START Records for the exercise
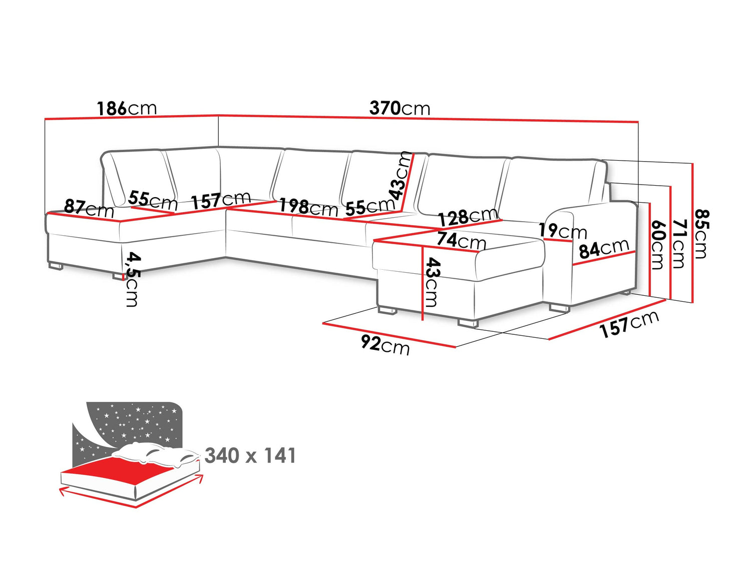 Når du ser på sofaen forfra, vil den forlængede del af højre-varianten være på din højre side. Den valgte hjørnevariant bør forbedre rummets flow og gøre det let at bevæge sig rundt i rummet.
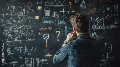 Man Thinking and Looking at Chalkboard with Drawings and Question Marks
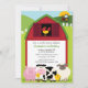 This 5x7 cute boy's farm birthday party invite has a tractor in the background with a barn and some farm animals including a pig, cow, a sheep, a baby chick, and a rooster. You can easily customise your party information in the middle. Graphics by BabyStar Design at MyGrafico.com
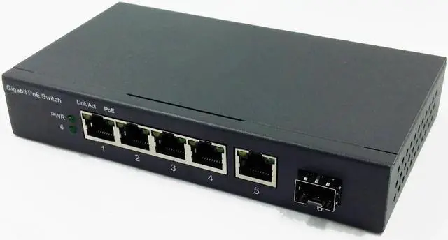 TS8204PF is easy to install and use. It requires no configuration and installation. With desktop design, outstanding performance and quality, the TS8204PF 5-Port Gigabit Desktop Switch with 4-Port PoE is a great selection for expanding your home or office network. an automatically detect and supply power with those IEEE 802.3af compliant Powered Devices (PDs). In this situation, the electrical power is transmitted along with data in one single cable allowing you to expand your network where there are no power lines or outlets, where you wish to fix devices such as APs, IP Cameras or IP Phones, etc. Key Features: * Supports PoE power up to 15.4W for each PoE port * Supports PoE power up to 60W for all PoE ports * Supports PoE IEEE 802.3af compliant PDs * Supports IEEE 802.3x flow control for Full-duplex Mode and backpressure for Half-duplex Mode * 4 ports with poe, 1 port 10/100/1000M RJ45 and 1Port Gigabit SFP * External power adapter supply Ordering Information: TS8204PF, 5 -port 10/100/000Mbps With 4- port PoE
END Records for the exercise
START Records for the exercise
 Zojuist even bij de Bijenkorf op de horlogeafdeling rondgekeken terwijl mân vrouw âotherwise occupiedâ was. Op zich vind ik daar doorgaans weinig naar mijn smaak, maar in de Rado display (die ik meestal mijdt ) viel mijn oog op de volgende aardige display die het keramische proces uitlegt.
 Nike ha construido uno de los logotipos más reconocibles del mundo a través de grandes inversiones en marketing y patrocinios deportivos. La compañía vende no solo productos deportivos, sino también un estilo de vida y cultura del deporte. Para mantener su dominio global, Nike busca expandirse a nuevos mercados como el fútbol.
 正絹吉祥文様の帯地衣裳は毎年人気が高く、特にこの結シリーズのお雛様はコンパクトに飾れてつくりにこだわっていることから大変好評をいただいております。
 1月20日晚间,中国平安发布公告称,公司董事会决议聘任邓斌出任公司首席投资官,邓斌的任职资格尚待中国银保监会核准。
END Records for the exercise
START Records for the exercise
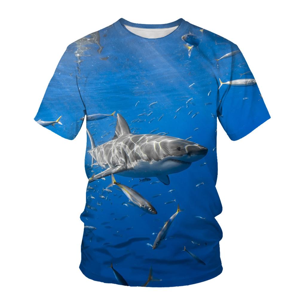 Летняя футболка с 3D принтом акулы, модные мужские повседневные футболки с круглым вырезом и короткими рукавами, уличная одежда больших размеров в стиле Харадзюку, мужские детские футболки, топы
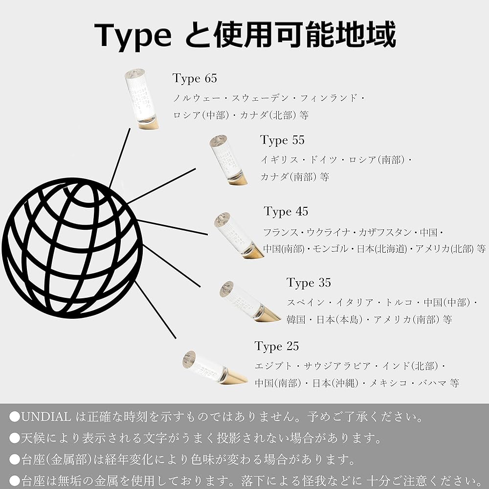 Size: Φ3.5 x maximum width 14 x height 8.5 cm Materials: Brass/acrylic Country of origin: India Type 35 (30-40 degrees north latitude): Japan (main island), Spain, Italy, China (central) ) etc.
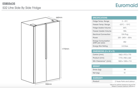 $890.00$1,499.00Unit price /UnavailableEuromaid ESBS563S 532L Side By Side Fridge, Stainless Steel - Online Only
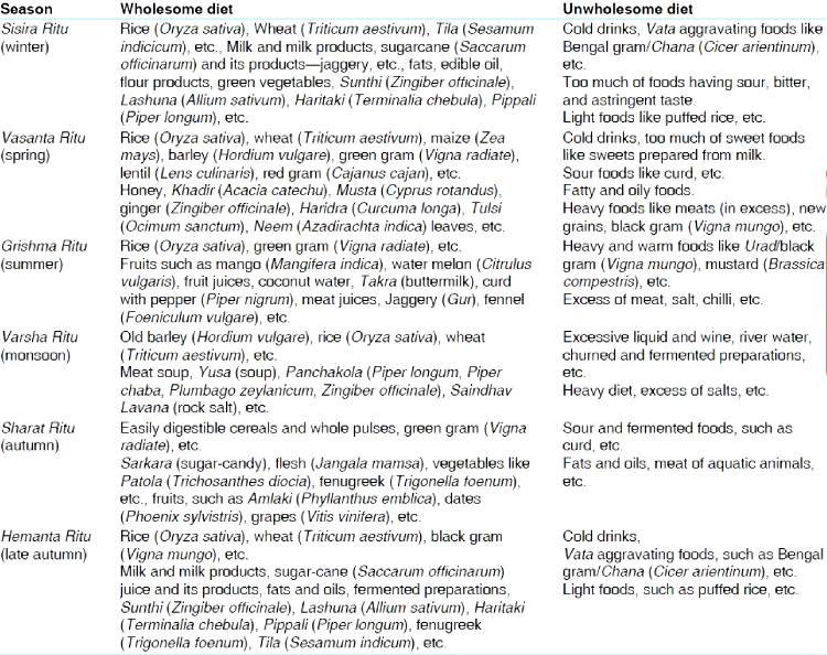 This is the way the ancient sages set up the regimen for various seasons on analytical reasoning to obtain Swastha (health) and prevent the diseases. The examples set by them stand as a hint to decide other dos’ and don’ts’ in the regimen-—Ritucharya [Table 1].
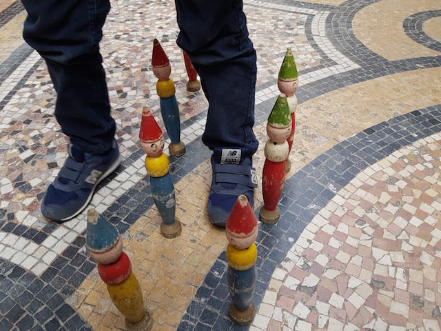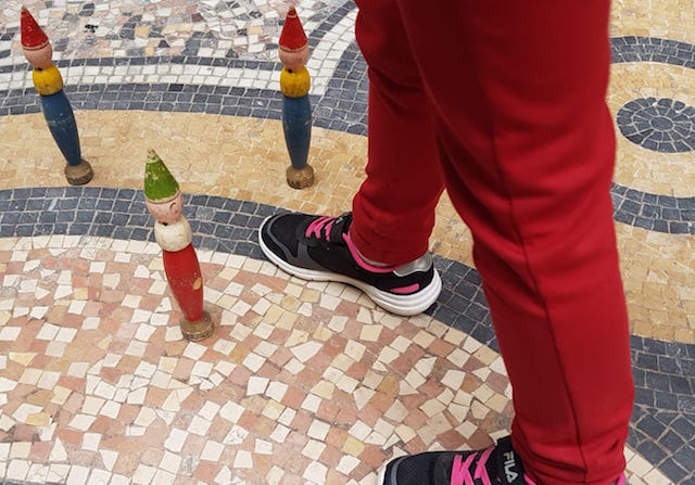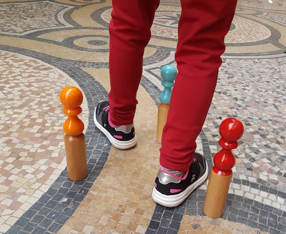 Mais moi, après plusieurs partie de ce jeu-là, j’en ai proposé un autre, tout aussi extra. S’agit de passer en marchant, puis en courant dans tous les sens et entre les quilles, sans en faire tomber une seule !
END Records for the exercise
* Work item:
Return exactly the lines that appear in the data above between the line containing "Når du ser på" and the line containing "TS8204PF is easy", both of which are included, and leave the pictures out.

* Exercise result:
 Når du ser på sofaen forfra, vil den forlængede del af højre-varianten være på din højre side. Den valgte hjørnevariant bør forbedre rummets flow og gøre det let at bevæge sig rundt i rummet.
 Man Thinking and Looking at Chalkboard with Drawings and Question Marks
 This 5x7 cute boy's farm birthday party invite has a tractor in the background with a barn and some farm animals including a pig, cow, a sheep, a baby chick, and a rooster. You can easily customise your party information in the middle. Graphics by BabyStar Design at MyGrafico.com
 TS8204PF is easy to install and use. It requires no configuration and installation. With desktop design, outstanding performance and quality, the TS8204PF 5-Port Gigabit Desktop Switch with 4-Port PoE is a great selection for expanding your home or office network. an automatically detect and supply power with those IEEE 802.3af compliant Powered Devices (PDs). In this situation, the electrical power is transmitted along with data in one single cable allowing you to expand your network where there are no power lines or outlets, where you wish to fix devices such as APs, IP Cameras or IP Phones, etc. Key Features: * Supports PoE power up to 15.4W for each PoE port * Supports PoE power up to 60W for all PoE ports * Supports PoE IEEE 802.3af compliant PDs * Supports IEEE 802.3x flow control for Full-duplex Mode and backpressure for Half-duplex Mode * 4 ports with poe, 1 port 10/100/1000M RJ45 and 1Port Gigabit SFP * External power adapter supply Ordering Information: TS8204PF, 5 -port 10/100/000Mbps With 4- port PoE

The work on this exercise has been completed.